Jane Street ist auch der Ort, an dem SBF das Trading lernte, bevor er FTX und Alameda Research gründete. Viele seiner zukünftigen Kollegen stammen aus diesem Unternehmen oder haben Verbindungen zu dessen Netzwerk.

Laut Klage, eingereicht von Todd Snyder, dem Insolvenzverwalter von Terraform, wurde Pratt zum Verbindungsmann zwischen seinem alten und seinem neuen Unternehmen durch eine Chatgruppe, die im Gerichtsdokument als “Bryce’s Secret” beschrieben wird.
Die Klage wirft vor, dass Jane Street diese Kanäle nutzte, um wichtige Insiderinformationen über Terraform’s interne Finanzierungsmaßnahmen zu sammeln.

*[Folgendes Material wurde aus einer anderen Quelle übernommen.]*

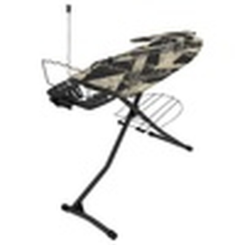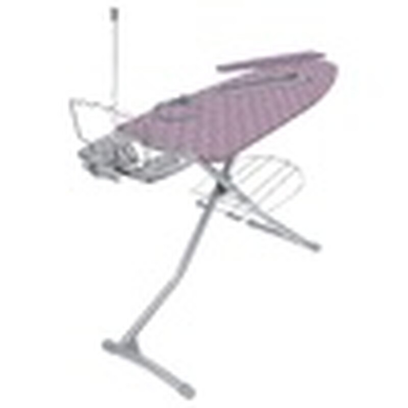 Гладильная доска с электросоединителем и подставкой под утюг, регулируемая по высоте. Удобная полка для белья и переносной подрукавник. Надёжная металлическая поверхность с отверстиями для пара. Съёмный чехол из хлопка с термоустойчивым покрытием. Плавно регулируемая высота до 1 м. Подставка под утюг с термоустойчивыми вставками. Кронштейн для провода утюга. Откидной держатель для плечиков. Полка для белья. Переносной подрукавник. Электрический соединитель 1,9 м. Устойчивые опоры с пластиковыми наконечниками для защиты напольного покрытия. Фиксация в сложенном виде.
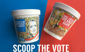 中でも注目を浴びているのは、ブルックリン区発の自然派アイスクリーム店「アンプル・ヒルズ」のヒラリー・クリントン氏(民主党)とドナルド・トランプ氏(共和党)にちなんだ商品。「女性大統領」と名付けられたアイスは、クリントン氏自身が考案したレシピを参考にした、チリペッパー風味のチョコレート味。一方、トランプ氏のスローガン「米国を再び偉大にしよう」を冷やかした言葉を商品名にした「米国を再び(オレンジのように)凸凹にしよう」は、同店が普段使用しない合成着色料を使ったオレンジ味で、トランプ氏が提案するメキシコとの国境沿いの壁に見立てたチョコレートブラウニーが入っている。どちらも店頭販売と、オンラインでのセット販売も行っている。
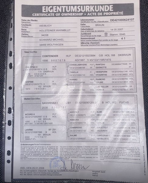 Verkaufe im Auftrag eine tolle Zuchtstute die für Juni 26 tragend ist vom Hengst Newmarket TN vom Team Nijhof. Zannah ist im Mai 2007 geboren und ca 1,66 m groß. Sehr lieb und unkompliziert. Hat einen gekörten Sohn, wurde zwischen durch Freizeitmässig geritten und gesprungen, wo sie viel Qualität bei Springen zeigte. Ist dann Aufgrund Schwangerschaft wieder in die Zucht und hat dieses Jahr ein Fohlen von Tattoo TN. Wegen Zeitmangel in ein schönes Zuhause zu verkaufen. https://www.horsetelex.com/horses/pedigree/1880767/zannah
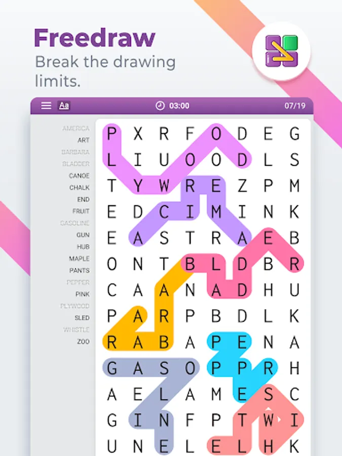 Word Search Colorful is totally FREE and is packed full of many word puzzles.
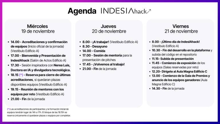 IndesIAhack tendrá lugar los días 19, 20 y 21 de noviembre de 2025.
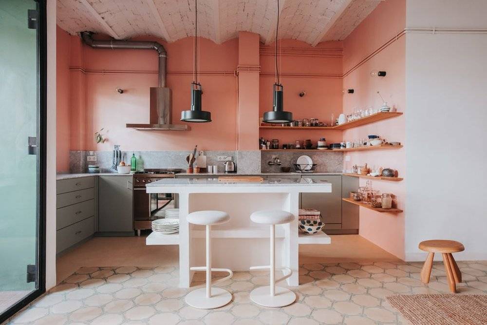 Однако, если коралловые стены это слишком для вас, и вы боитесь, что цвет может быстро надоесть, введите его как цвет одного или двух предметов мебели — деревянного стола, шкафа или стульев. Если у вас есть кухонный остров, вы можете сделать его центральной частью композиции.
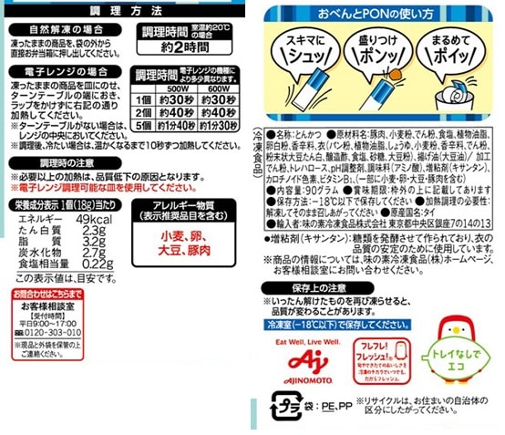 - [冷凍]味の素 おべんとPONとんかつ 5個入 90g×4袋
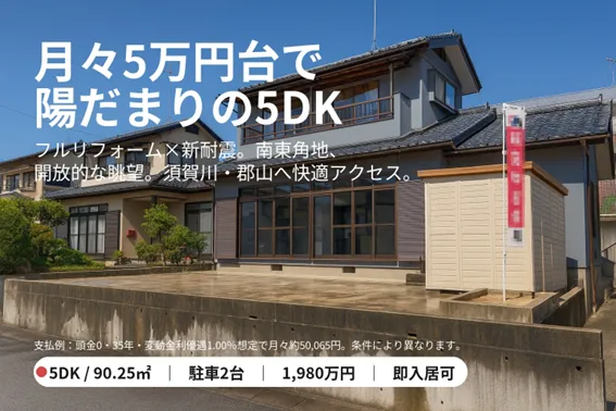 こんなに魅力が詰まったフルリフォーム物件が、なんと1,980万円! 住宅ローンのお支払いも月々5万円台から可能です!アパートが手狭になった方、新しい家族の形を考えている方、ぜひ一度、この素晴らしいお家を実際にご覧になってみませんか?きっと、あなたの「新しい暮らしのイメージ」が膨らむはずです!
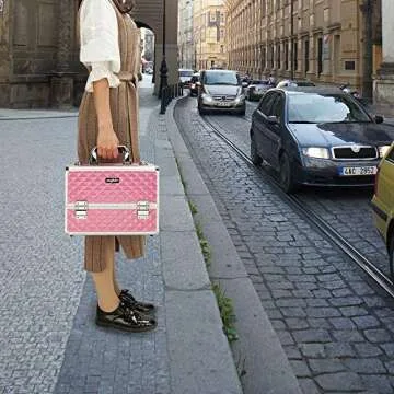 mefeir Makeup Train Case, Cosmetic Box Portable Makeup Box 12.6" L w/Adjustable Dividers, 4 Trays and 2 Locks, Professional Makeup Case Organizer, Xmas New year Birthday Mother's Day Gift (Pink)
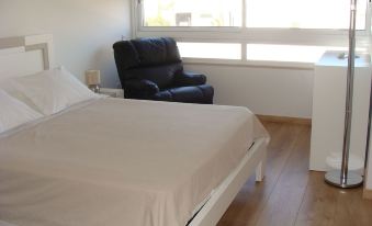 - A room with double bed (160x200cm) and a small balcony overlooking the Praceta with the playground.
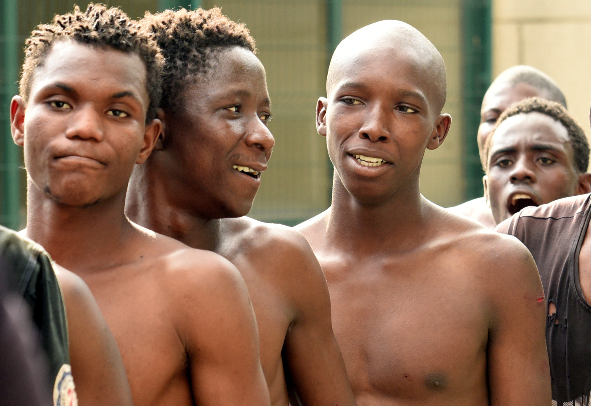 Afrikanske migranter som trengte seg inn i Ceuta den 22. august 2018, står i kø i migrantmottaket på stedet. Foto: Fabian Bimmer / Reuters / Scanpix.
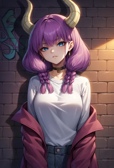 AuraFrieren, 보라색 머리, 파란 눈, 뿔, 긴 머리, 두 개의 트윈 땋은 머리

Der entscheidende Zeitpunkt war der 7. Mai 2022.
Terraform zog 150 Millionen US-Dollar TerraUSD aus Curve3pool ab, einer dezentralen Handelsplattform, die als Hauptliquiditätszentrum für diese Stablecoin dient.
Nur zehn Minuten nach der Abhebung, noch bevor Terraform öffentlich oder anderweitig bekannt gab, zog eine mit Jane Street verbundene Wallet 85 Millionen US-Dollar TerraUSD aus demselben Pool.

Der aggregierte Verkaufsdruck trug dazu bei, dass UST vom festen Wechselkurs zum US-Dollar abwich.
Innerhalb weniger Tage geriet Luna’s automatischer Token-Erstellungs- und Verbrennungsmechanismus außer Kontrolle, was zu Hyperinflation des Token-Angebots und einem Verlust von 40 Milliarden Dollar Marktkapitalisierung führte.
Kleine Investoren erlitten katastrophale Verluste.

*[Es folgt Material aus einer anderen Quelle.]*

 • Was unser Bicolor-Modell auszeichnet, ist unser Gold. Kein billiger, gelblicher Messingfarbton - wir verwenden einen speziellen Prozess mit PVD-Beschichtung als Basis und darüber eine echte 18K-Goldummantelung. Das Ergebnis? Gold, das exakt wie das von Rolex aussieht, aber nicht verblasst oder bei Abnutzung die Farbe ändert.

Laut Klage hat Jane Street einen potenziellen Verlust von über 200 Millionen US-Dollar vermieden, indem sie rechtzeitig ausstieg, “nur wenige Stunden vor dem Zusammenbruch des Terraform-Ökosystems”.
Die Klage beschreibt diese Transaktionen als “unmöglich ohne die Insiderinformationen, die [Jane Street] auf einzigartige Weise besitzt.”

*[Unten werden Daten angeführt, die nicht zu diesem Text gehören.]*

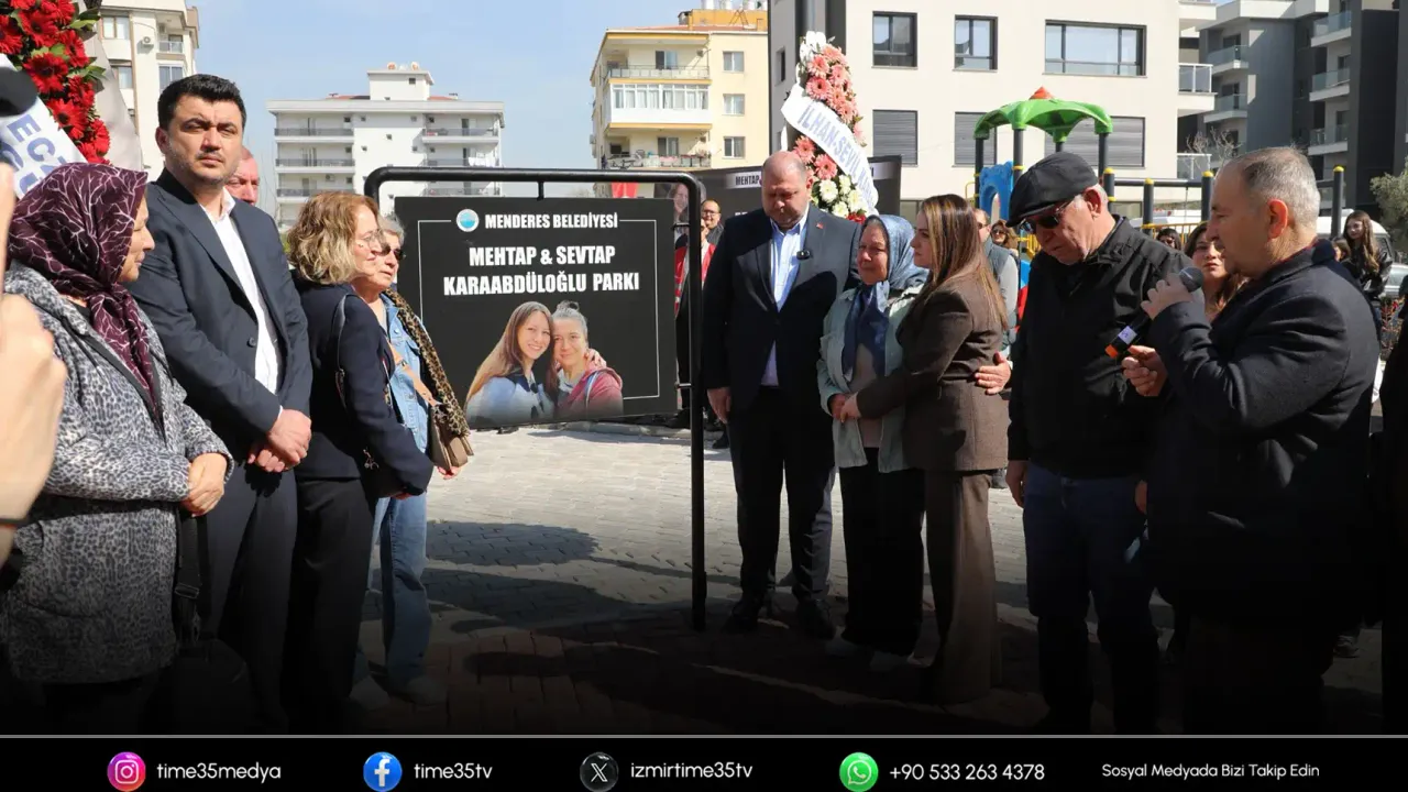 Menderes Belediyesi’nin 6 Şubat depremlerinde hayatını kaybeden Menderesli kardeşler Mehtap Karaabdüloğlu ve Sevtap Karaabdüloğlu’nun yanı sıra tüm deprem kayıplarımızı andığı Kasımpaşa Mahallesi’ndeki yeni park açıldı. Mehtap ve Sevtap Karaabdüloğlu adını alan parkın açılışını Menderes Belediye Başkanı İlkay Çiçek, Eşi Melek Çiçek, CHP İlçe Başkanı Mehmet Emin Işık ile depremde vefat eden kardeşlerin annesi Sevil Karaabdüloğlu ve babası İlhan Karaabdüloğlu yaptı.
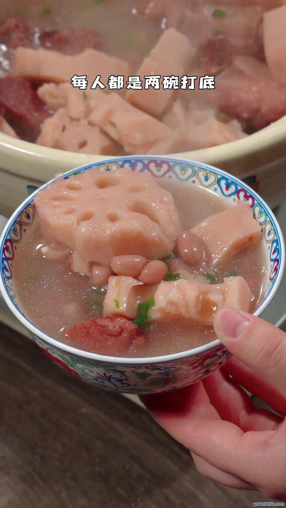 莲藕花生颠倒粉糯,排骨软烂脱骨,汤水鲜甜浓郁,我家每次煲这锅汤,是一丝儿也不糜掷,每东说念主齐是2碗打底~
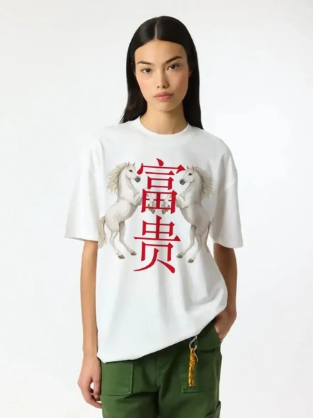 เสื้อยืดผู้หญิง รุ่น WHITE DOUBLE HORSE สีแดง ซื้อ 1 ชิ้น

Jane Street bezeichnet die Klage als “verzweifelt” und “grundlos” und behauptet, die Verluste der Terra- und Luna-Investoren seien durch das betrügerische Verhalten von Terraform selbst verursacht worden.
Do Kwon sitzt derzeit eine 15-jährige Haftstrafe ab.
Snyder reichte außerdem eine separate Klage in Höhe von 4 Milliarden US-Dollar gegen Jump Trading ein, wegen angeblicher Manipulation des ähnlichen Zusammenbruchs, was auf eine systematische Untersuchung des Verhaltens von Organisationen während der Terra-Krise hindeutet, nicht nur eine einzelne Anklage gegen ein Unternehmen.

Die Uhr
Ab Ende 2024 und im Verlauf des Jahres 2025 begann der Bitcoin-Preis Bewegungen zu zeigen, die Händler bemerkten, aber nicht erklären konnten.
Jeden Handelstag um 10 Uhr morgens Eastern Time, zeitgleich mit der Eröffnung der US-Aktienmärkte, erlebte Bitcoin plötzliche, heftige Verkaufswellen.
Diese Kursrückgänge waren exakt, algorithmisch gesteuert und standen in keinem Verhältnis zu den allgemeinen Marktbedingungen.
Sie löschten Long-Positionen mit Hebel, verursachten Kettenliquidationen und drehten innerhalb weniger Stunden wieder um.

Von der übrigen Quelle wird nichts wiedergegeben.